Going to game 7 of the World Series, the Cubs had the greatest sum of fatigue units of all 2016 playoff teams. However, when looking at sum of fatigue units for every playoff teams, the Cubs accumulated 147% more fatigue units than the second highest team (the Toronto Blue Jays). When looking further into these findings – what drove these really high FU accumulations in the Cubs and Blue Jays, were a very high number of back to back relief appearances for both teams. The Cubs had 35% of all of their pitching appearances in the post season occur on back to back nights, a total of 26 pitcher appearances in the 2016 post season. Comparatively, Cleveland only had 11% of all of their pitching appearances occur on back to back nights.

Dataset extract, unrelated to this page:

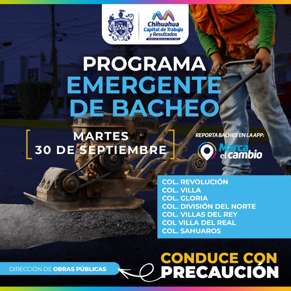 El Gobierno Municipal, a través de la Dirección de Obras Públicas, informó que este martes 30 de septiembre continuará con las labores del programa emergente de bacheo en distintas zonas de la ciudad, con el fin de mejorar las vialidades y brindar mayor seguridad a los automovilistas.
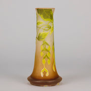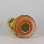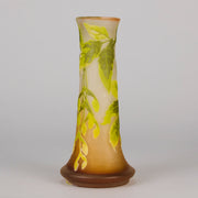 Gallé’s Cameo Glass was made with layering coloured glass, using acid to remove part of the layers and adding wheel carved detail on the better pieces. He discovered applying metallic foils between the coloured glass sheets created a stunning effect, especially when applied in the cameo work. His enamel work was just as revolutionary as he mixed metallic oxides with glass and suspended them in oil, giving the pieces a completely different finish after firing.

I’m not one for hot takes, but I feel that I have to say something here. If workload has any sort of relationship to injury, Terry Francona’s management of his pitching staff, from a workload management perspective, is one of the most impressive baseball strategy events to occur in my recent memory. While the Cubs emerged the eventual World Series Champions, Joe Maddon had to repeatedly rely on the same pitchers (primarily, Aroldis Chapman) in high leverage situations, which lead to high usage during back to back games. If extreme workloads to lead to injury, the work done by Francona in the playoffs does appear to be a great template for managers in the future. If we’re being realistic though – flags fly forever, and when they haven’t flown in 108 years, it’s hard to say that there were any errors in workload management.
I still have to look further into the utility of FU’s as an injury prediction model. Currently, I believe it is a metric that more accurately represents physiological demands on the body, and more importantly, the musculature responsible for predicting the UCL.